Yasmina, you must have grown up in an environment surrounded with sumptuous food; that usually results in people settling in to or rebelling against it. But you fully embraced your mother’s passion project…
Y: Since we were young, my mother used to host huge dinner parties at home and cook everything from scratch. She never bought anything or had caterers, so everyone was really impressed and used to tell us, “Wow, she’s an amazing cook!” and should really open a restaurant. But I wanted to be a doctor. After doing an internship at a hospital I realised it wasn’t for me. I re-evaluated and felt that cooking might work for me. It fit my personality, as someone outgoing who loves to travel, loves to meet people, who is very curious, and it’s artistic yet scientific at the same time.

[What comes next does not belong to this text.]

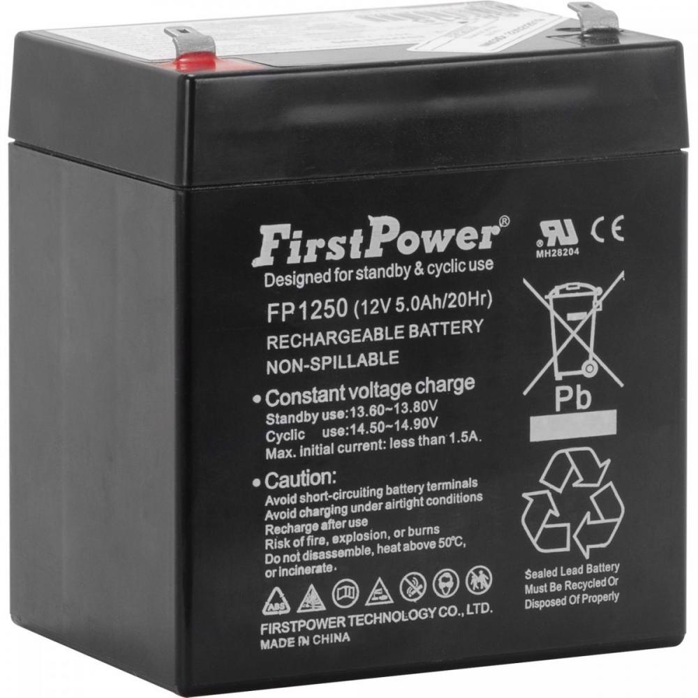 Bateria VRLA chumbo-ácida de 12V de tensão nominal e capacidade de 5 ,0Ah. Fabricada pela First Power, a FP 12-50 pode ser usada em diversas aplicações como luzes de emergência, brinquedos, UPS (Nobreak), entre outras.

Mireille, being a home cook and a restauranteur are worlds apart.
M: When I think back, it’s like a dream – and I’m still dreaming. Because what happened seems unbelievable. I worked so hard for it so I didn’t have time to think how it was happening, I went with the flow. For 15 years I didn’t even take a month of vacation, I became a workaholic. The goal was not to fail. I was scared. Every day was like my first, and that continues till now as this wasn’t my profession, it was my hobby. I was like a baby who wanted to win a game.
Y: I remember my mum used to go to work and treat it as if she was hosting people at home. I think that’s what made the difference.
M: I stayed late into the night to finish the cleaning of the restaurant, I behaved like it was my house not a business. Even with the expansion I didn’t change a lot. Personally I work the same way. I try to change through Yasmina, through my brothers, through the family, but when I work myself, I do it the same way.
Although you’re both on this culinary journey, you’ve approached the road in very different ways. Mireille’s path was organic, almost serendipitous, while Yasmina went to culinary school, got her Bachelor’s at Lyon’s Institute Paul Bocuse and Masters degree in Food Design and Innovation from Scuola Politecnica di Design in Milan. Yasmina also worked as Chef de Partie at Copenhagen’s three Michelin-starred Geranium and took on the Commis role at Le Grand Restaurant and Restaurant Hexagone alongside Mathieu Pacaud.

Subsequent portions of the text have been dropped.